Jed Rothwell wrote:

> I think this is the starting point for the article Terry Blanton cited. It
> is rather complicated set of web sites and pointers, linked together as one
> page:
>
> http://www.pureenergysystems.com/index.html
>
> This is both impressive and depressing. Impressive because it is
> professional looking web page chock full of up-to-the-minute information.
> Depressing because I doubt any of these claims has merit. I have not
> investigated them, so I may be wrong, but Kooistra and others who have
> looked closely say the replicated devices have a conventional explanation,
> and the unreplicated devices are secret. In the discussion of the Howard
> Johnson motor the blueprints are "not adequate to build working unit," and
> Tom Bearden says the critical details are secret.
>
> I expect skeptics feel the same way about LENR-CANR as I do about these
> pages. That is depressing.
>
> Page like this seem to have a high gullability factor. They accept
> everything at face value.
>
> Jeff Kooistra wrote:
>
> "I don't deny O-U motors are possible--this just isn't one of them."
>
> I *do* deny o-u motors are possible!
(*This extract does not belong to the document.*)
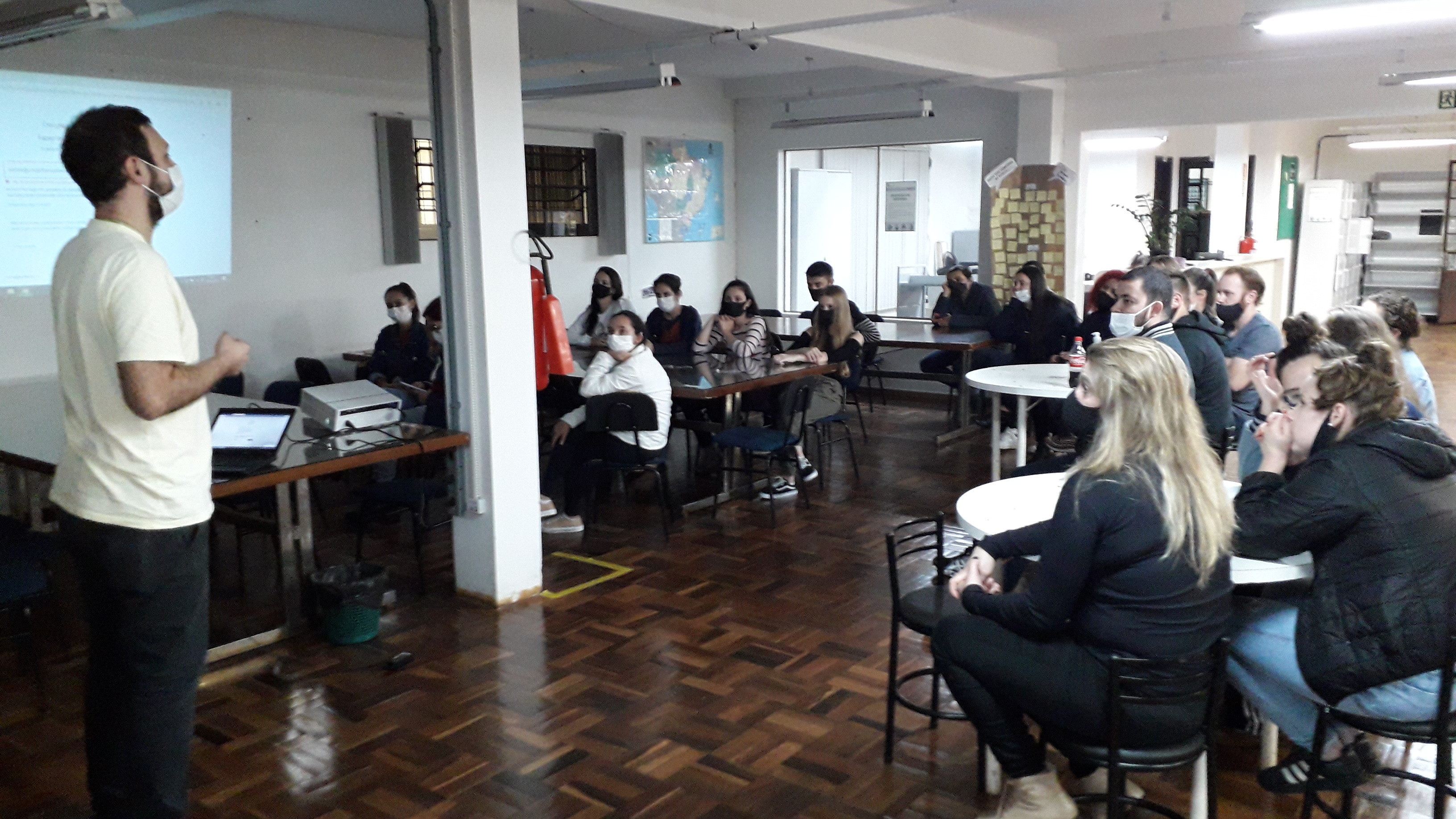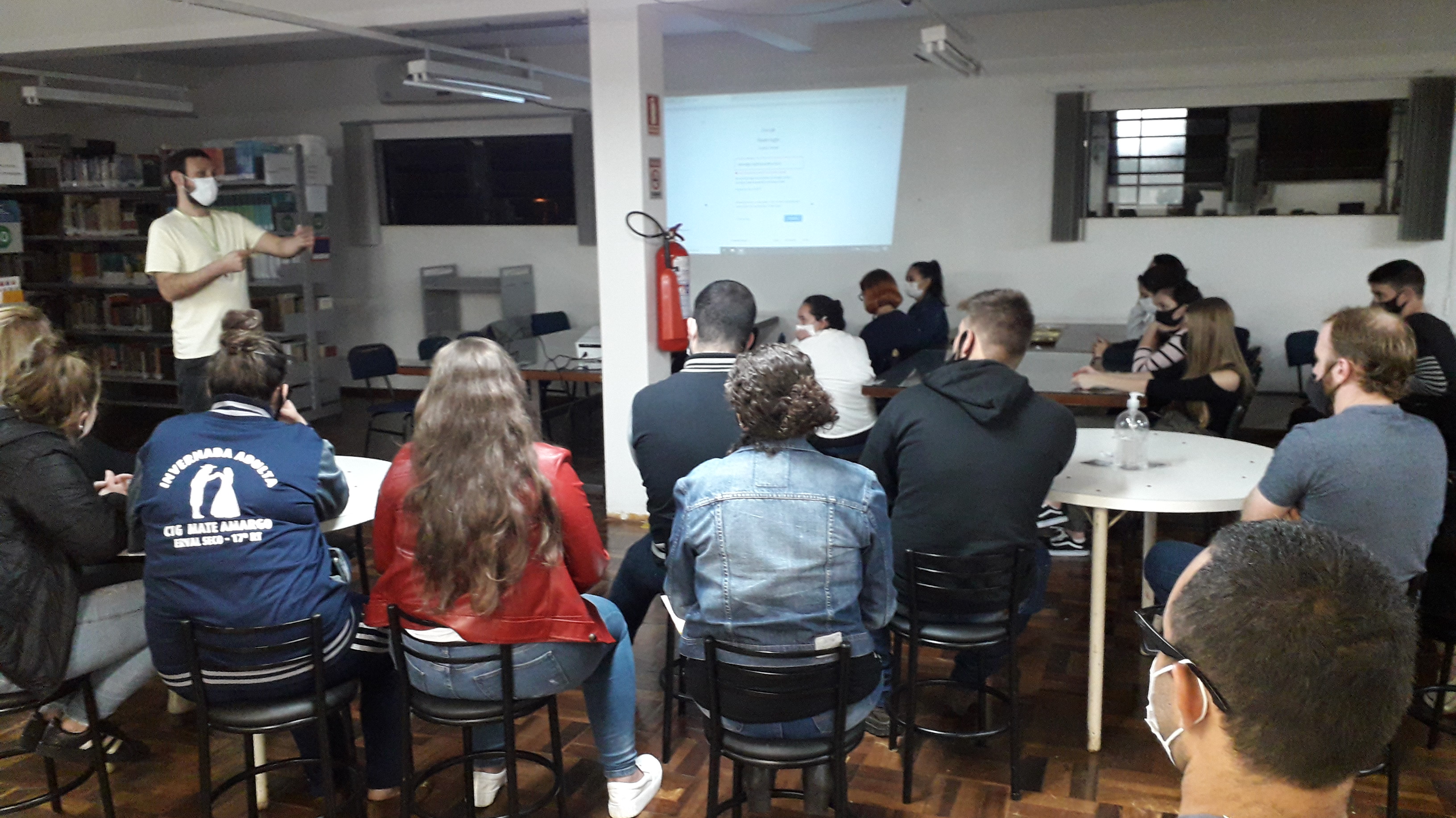 Na noite do dia 07 de abril, o Técnico-Administrativo em Educação Frederico Cutty Teixeira desenvolveu uma atividade com estudantes ingressantes do curso de Licenciatura em Matemática, visando fornecer orientações para o acesso e uso dos acervos e repositórios da biblioteca do IFFar - Campus de Frederico Westphalen.

Obviously they are impossible, since
> they violate the conservation of energy. That does not mean we can  be
> absolutely, positively sure they do not exist. But if it turns out they do
> exist, it is fair to say they violate the textbook laws of physics as those
> laws are understood by 99.99999% of  scientists and engineers. CF also
> appears to violate some textbook laws of nuclear physics, although there is
> less agreement among experts about which laws it violates, and to what
> extent it violates them. The point is, only a fool would believe in CF if
> it had not been proven experimentally. O-U motors should be ruled
> impossible until it is proven by experiment that they exist. It has to be a
> widely replicated, well documented, convincing experiment.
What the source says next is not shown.